### EXERCISE AIM
Every line below from the one with "日が昇る時間に潮目でジャーク" through the one with "Nel data-grid dove" is to be repeated exactly, with no picture among them.

### INPUT

════════════════════

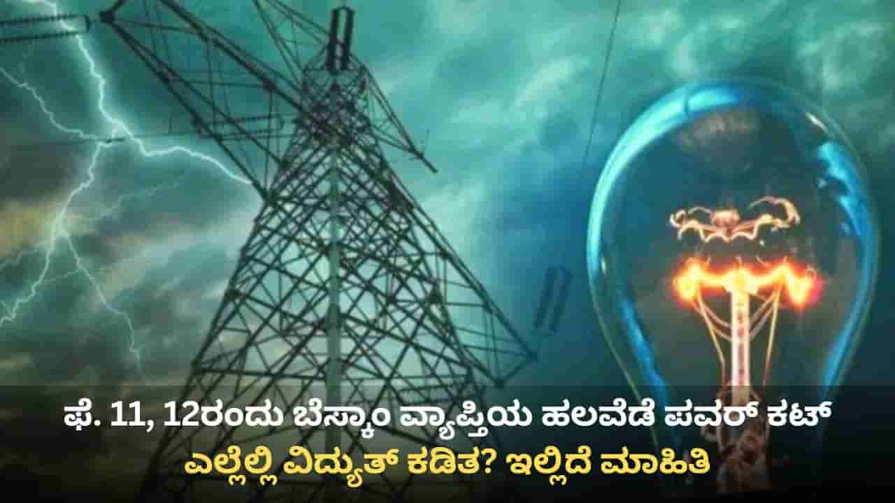 ಬೆಂಗಳೂರು, ಫೆಬ್ರವರಿ 10: ಕೆಪಿಟಿಸಿಲ್ ತುರ್ತು ನಿರ್ವಹಣೆ ಮತ್ತು ಇತರ ಕಾಮಗಾರಿಗಳನ್ನು ಹಮ್ಮಿಕೊಂಡಿರುವುದರಿಂದ ಬೆಂಗಳೂರು ವಿದ್ಯುತ್ ಸರಬರಾಜು ಕಂಪನಿ ನಿಯಮಿತ (BESCOM) ವ್ಯಾಪ್ತಿಯ ವಿವಿಧ ಪ್ರದೇಶಗಳಲ್ಲಿ ಫೆಬ್ರವರಿ 11 ಹಾಗೂ 12 ರಂದು ಪವರ್ ಕಟ್ (Power Cut) ಇರಲಿದೆ. ಈ ಬಗ್ಗೆ ಪ್ರಕಟಣೆ ಮೂಲಕ ಬೆಸ್ಕಾಂ ಮಾಹಿತಿ ನೀಡಿದೆ.
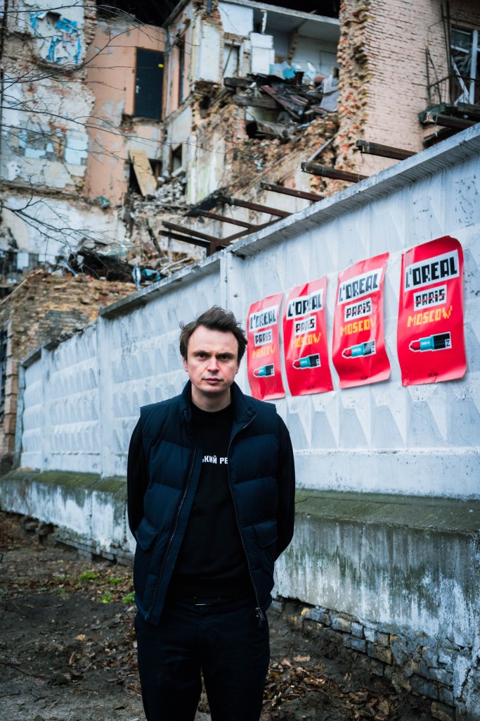 These photos with L’Oreal posters were taken in central Kyiv against the backdrop of a completely destroyed historic residential building.
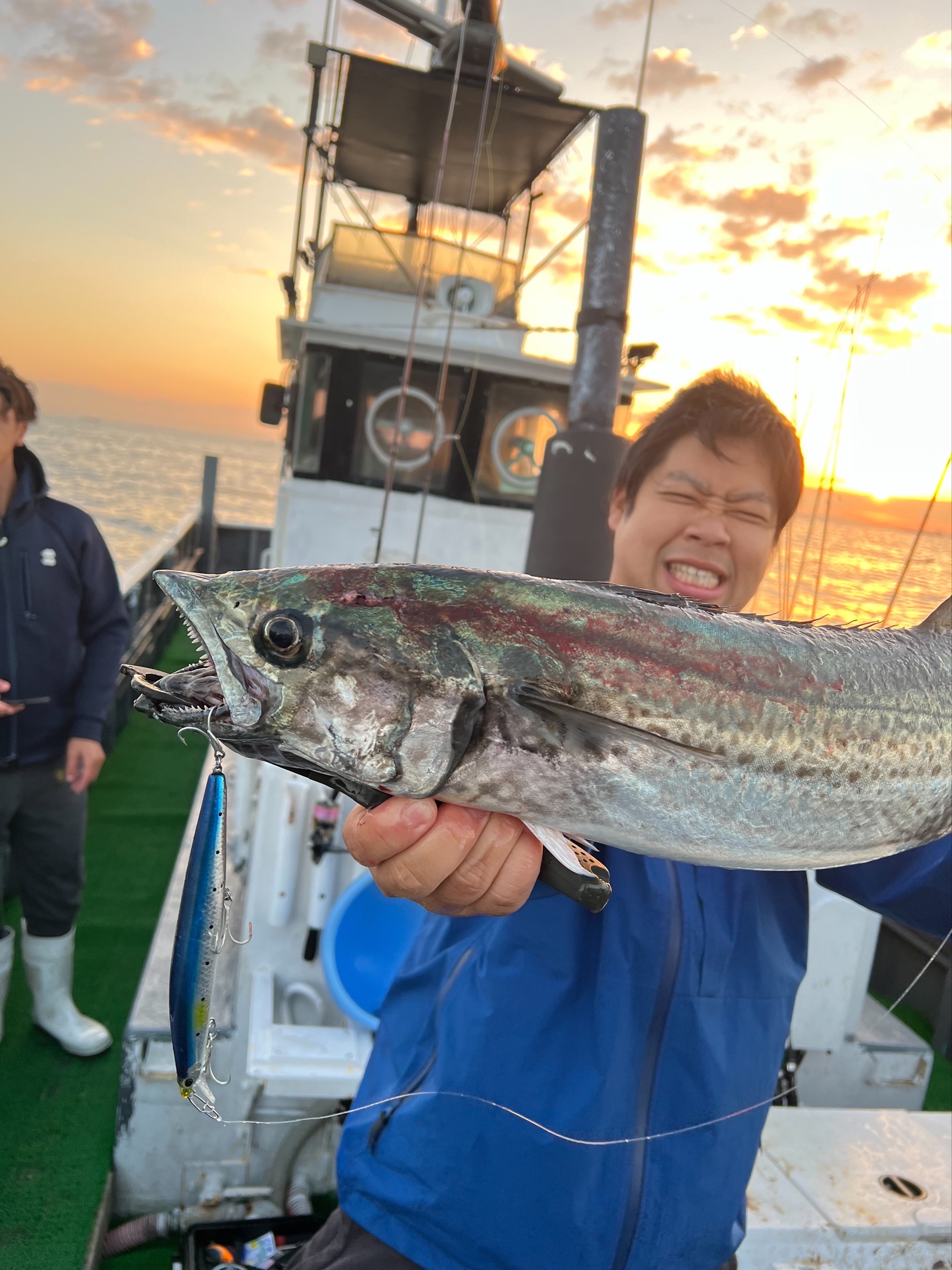 日が昇る時間に潮目でジャークでドン!サゴシではない重量感の魚がヒット!引き方でサワラを確信してゆっくりとネットイン!85センチのサワラでした!重さも3.6キロあり、よく脂がのって美味しいトロサワラでした!
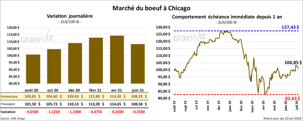 Les contrats de bœuf US ont fini la session dans le rouge entre 35 cents et 1,12 $. Ceux de veau US ont également terminé la journée en baisse. Par contre, le contrat août 20 a clôturé en hausse de 5 cents.
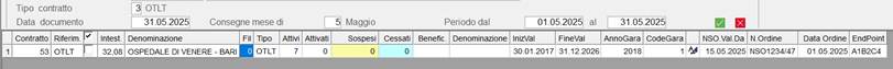 Nel data-grid dove visualizzati i singoli contratti è proposto l’ordine NSO con, se valorizzata, la data di inizio validità. Anche in questo caso è possibile inserire un nuovo ordine NSO con data validità diversa oppure modificare i riferimenti di quello già esistente.
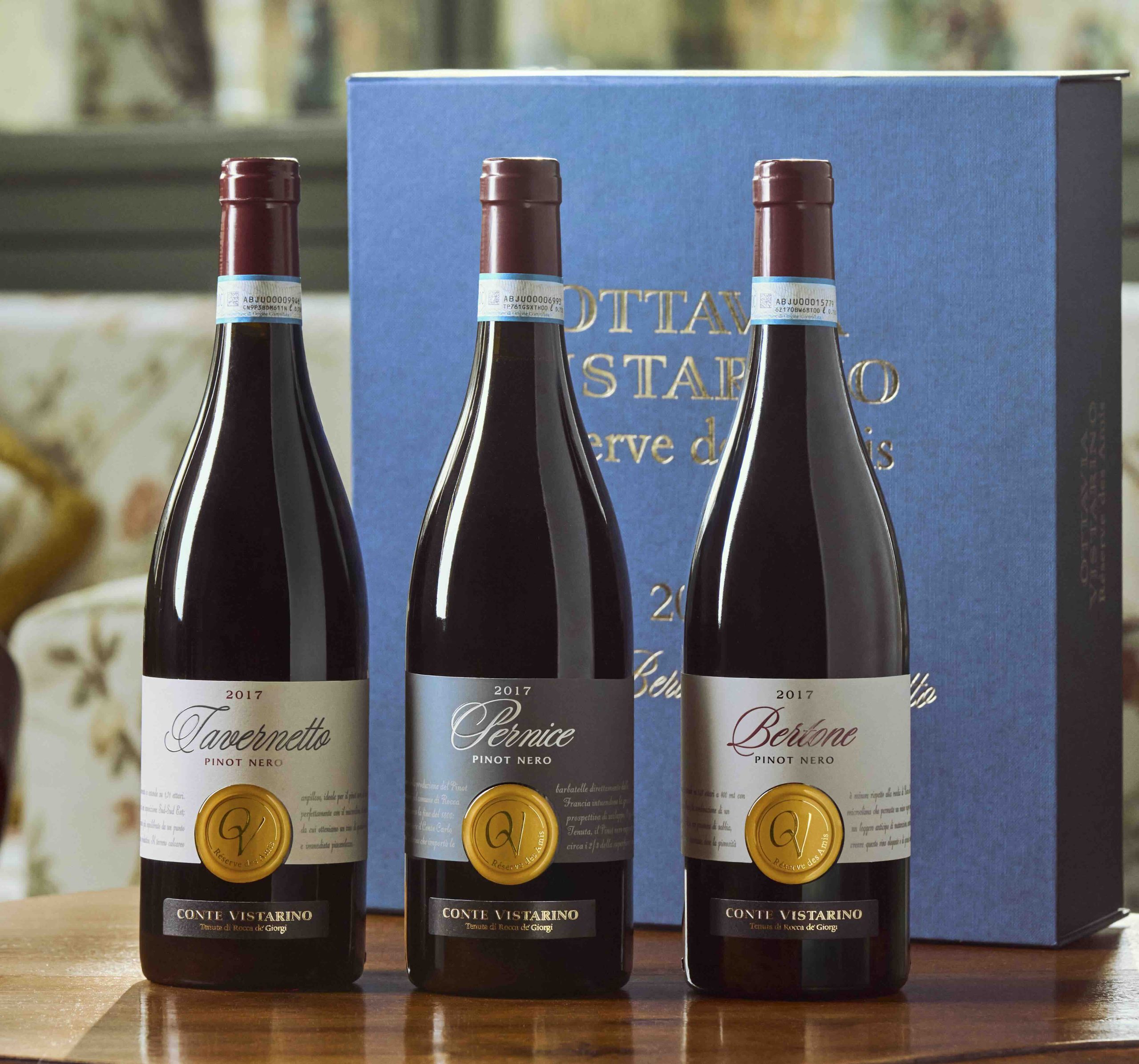 Le cassette (prezzo: 210 euro), numerate e arricchite da dettagli artigianali, propongono: Bertone: vendemmie 2013, 2017, 2019, Tavernetto: vendemmie 2013, 2015, 2019, Orizzontale 2017: Pernice, Bertone, Tavernetto
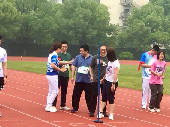 在随后进行的教职工30米穿梭接力比赛中,杨成斌、吴剑鸣、翁经纬、王利、冯玮、王成晟、李伟红、张宁、王佳琦、孙丽梅等十位老师组成的队伍强势登场。由于场地湿滑,大家制定了以“稳”为主的战术策略,减小步伐、增大步频。在比赛中,老师们默契配合,每一次交接棒都流畅自然。尽管有所保留,但仍以59.585秒的成绩获得团体第十名,这无疑是一场令人满意的战斗。
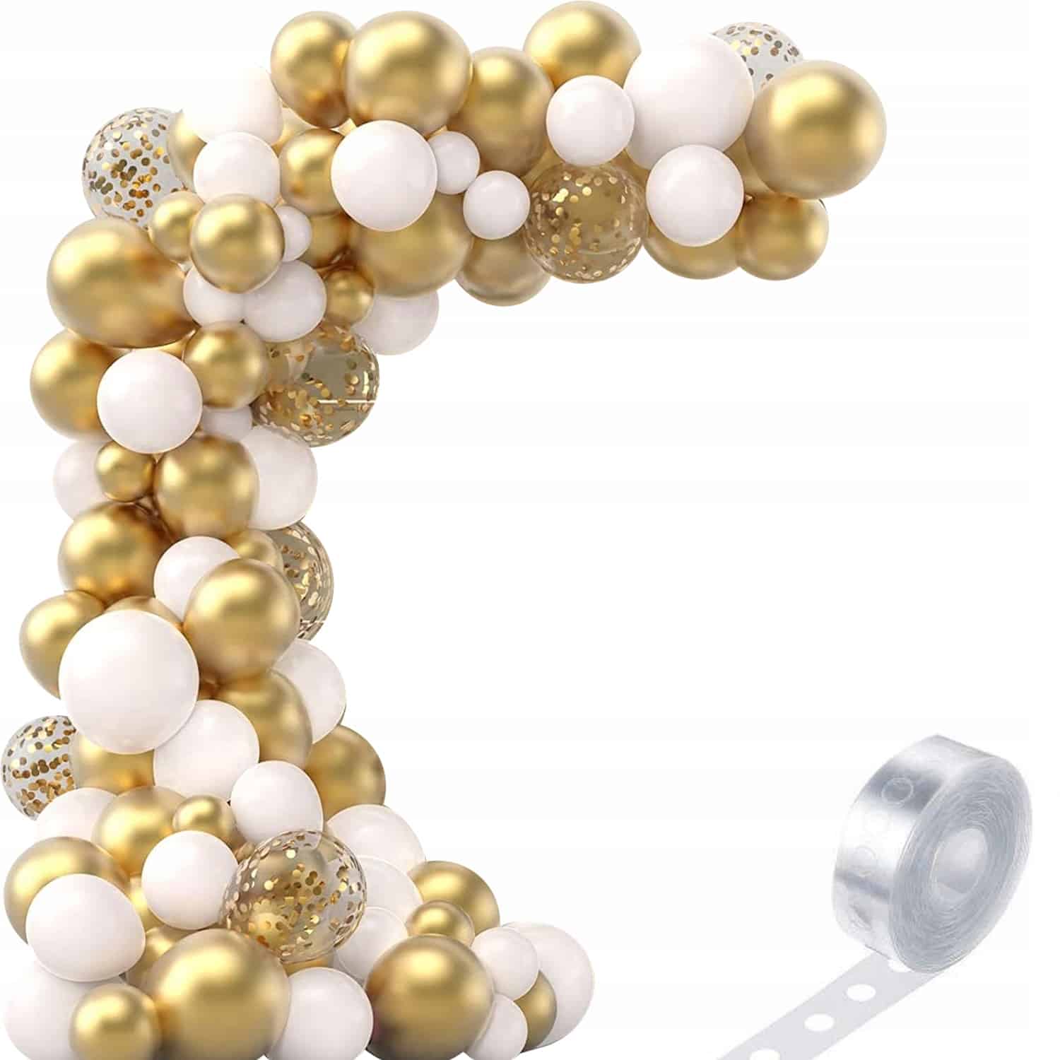 ✅25 x Balony lateksowe, 12 cm, mix białych i złotych – Dodadzą subtelności i uroku.

════════════════════

### ANSWER BOX
 日が昇る時間に潮目でジャークでドン!サゴシではない重量感の魚がヒット!引き方でサワラを確信してゆっくりとネットイン!85センチのサワラでした!重さも3.6キロあり、よく脂がのって美味しいトロサワラでした!
 Les contrats de bœuf US ont fini la session dans le rouge entre 35 cents et 1,12 $. Ceux de veau US ont également terminé la journée en baisse. Par contre, le contrat août 20 a clôturé en hausse de 5 cents.
 Nel data-grid dove visualizzati i singoli contratti è proposto l’ordine NSO con, se valorizzata, la data di inizio validità. Anche in questo caso è possibile inserire un nuovo ordine NSO con data validità diversa oppure modificare i riferimenti di quello già esistente.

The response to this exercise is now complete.